Reputation: 13435
Django's runserver
command doesn't output a stack trace when I append --traceback --verbosity 2
:
➫ python manage.py runserver --traceback --verbosity 2
Validating models...
0 errors found
July 24, 2013 - 11:45:12
Django version 1.5.1, using settings 'base.settings'
Development server is running at http://127.0.0.1:8000/
Quit the server with CONTROL-C.
[24/Jul/2013 11:45:27] "POST /login/get_associations/ HTTP/1.0" 500 13220
Are there other command line switches or logging configuration I can add to get runserver
to print a stack trace when there is a 500
?
Upvotes: 20
Views: 7522
Reputation: 1882
Agreed that this is convenient, especially for MVVM-centric app development (e.g. Angular/Ember front-end). Also this is helpful when others are testing out the front-end.

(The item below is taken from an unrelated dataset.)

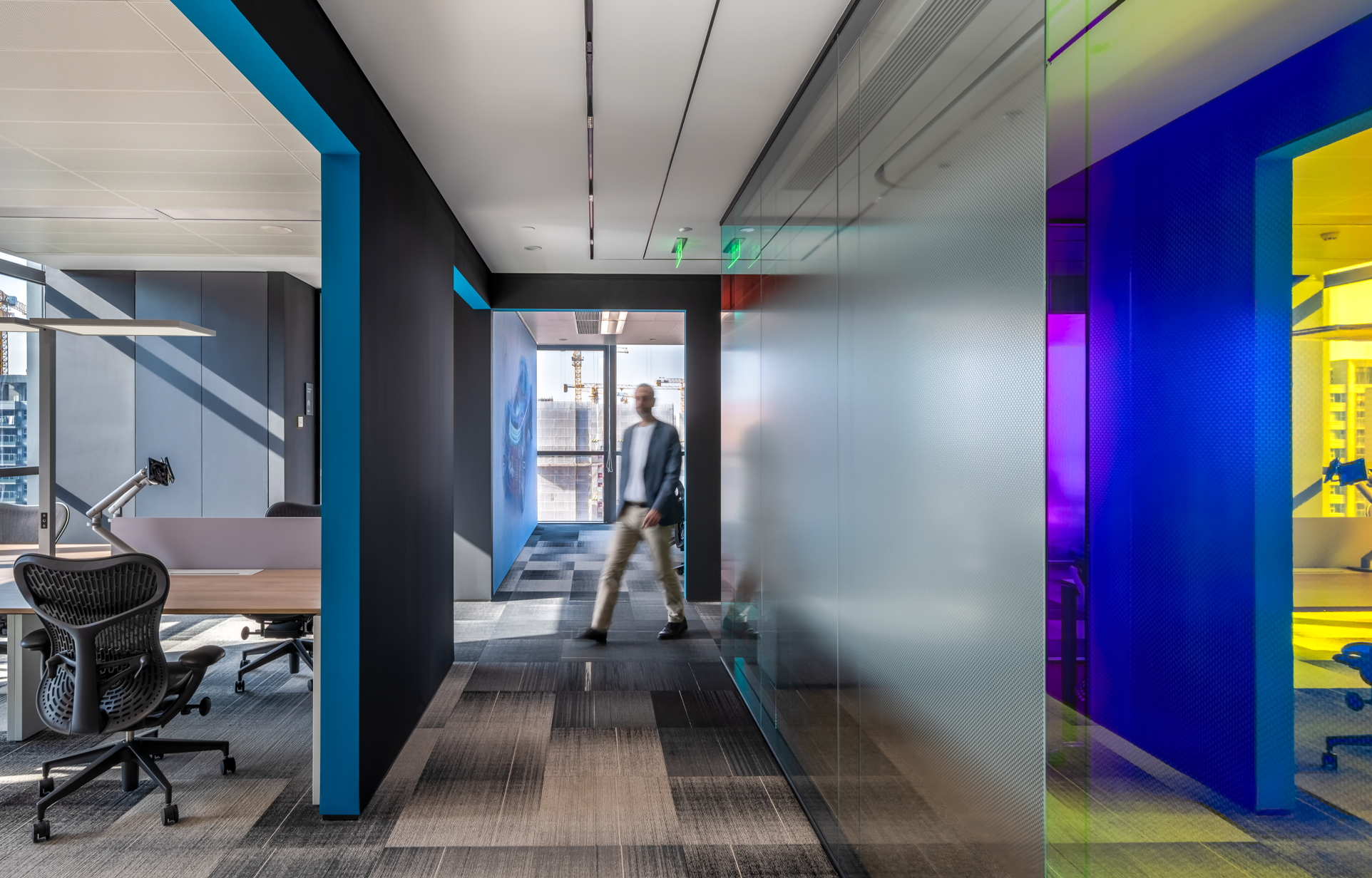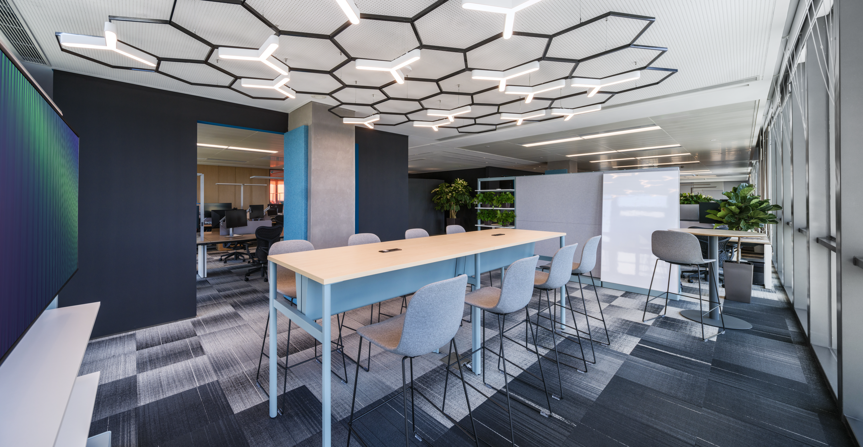 所有设施如照明、空气净化系统、高性能声学和家具的选择,创造了一个健康且符合人体工程学的空间,同时有助于室内的整体体验,从最初的概念规划到材料选择和MEP设计,工作场所嵌入了健康标准,以达到WELL认证。
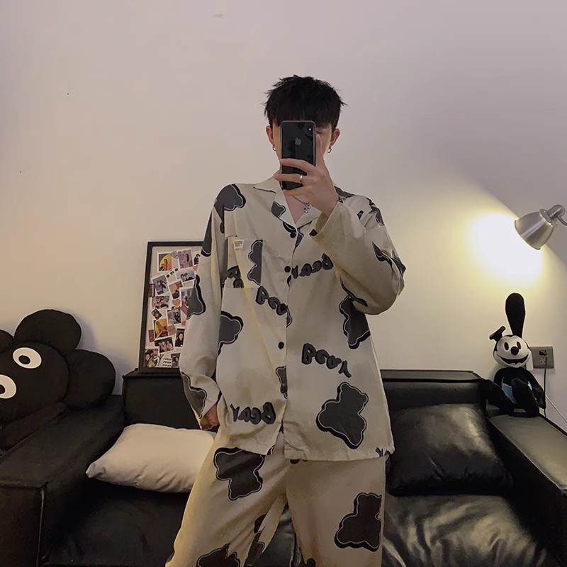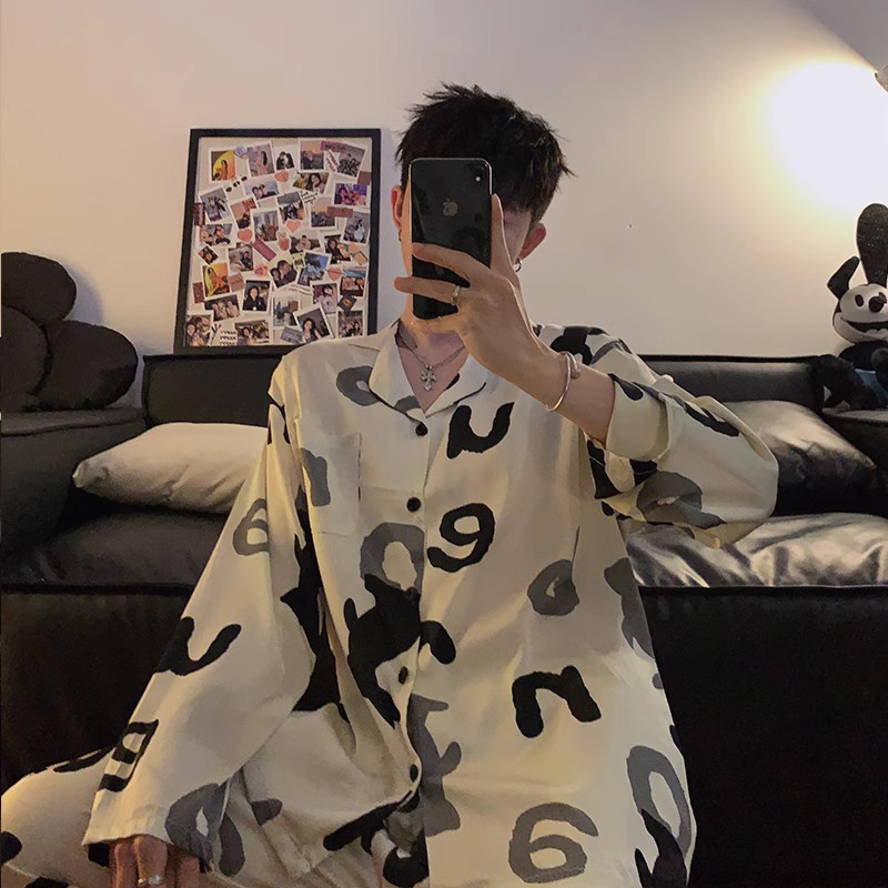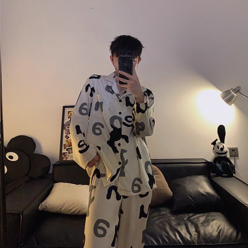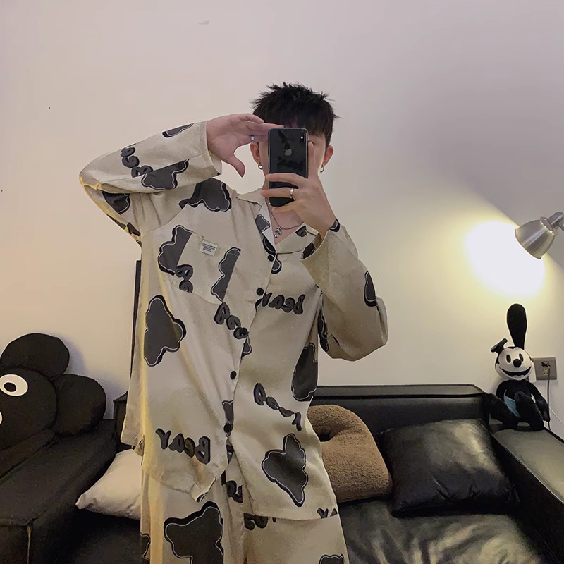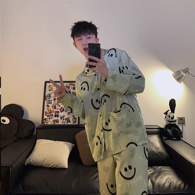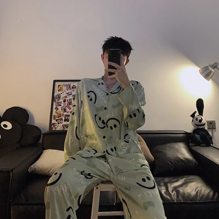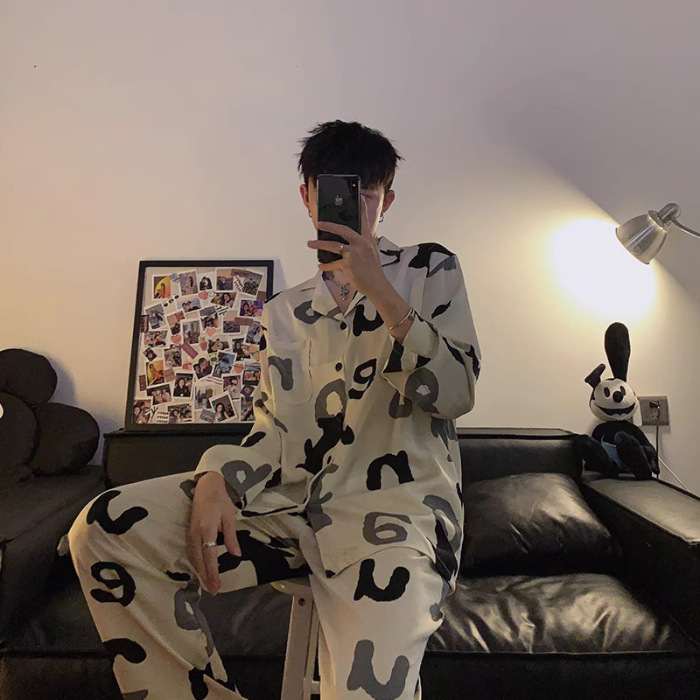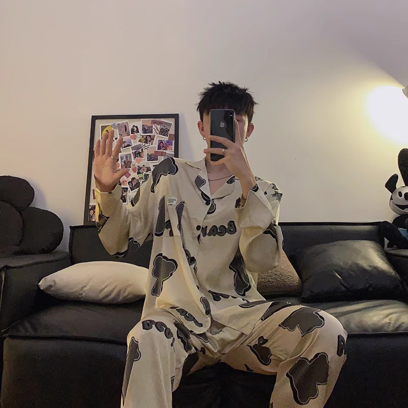 봄과 가을 남자의 잠옷 아이스 실크 얇은 긴 소매 2024 새로운 스타일 실크 남자의 세트 가정 의류 겉옷스토어 가기

As you mentioned, this isn't provided by DEBUG=True
. You can add a stacktrace when running ./manage.py runserver
by adding the following to the settings.py file:
LOGGING = {
'version': 1,
'handlers': {
'console': {
'level': 'DEBUG',
'class': 'logging.StreamHandler',
},
},
'loggers': {
'django.request': {
'handlers': ['console'],
'propagate': True,
'level': 'DEBUG',
},
},
}
This syntax comes from the Django documentation Configuring Logging and can be further modified to increase or decrease the amount of console-logging.
Also note that 5XX responses are raised as ERROR messages and 4XX responses are raised as WARNING messages.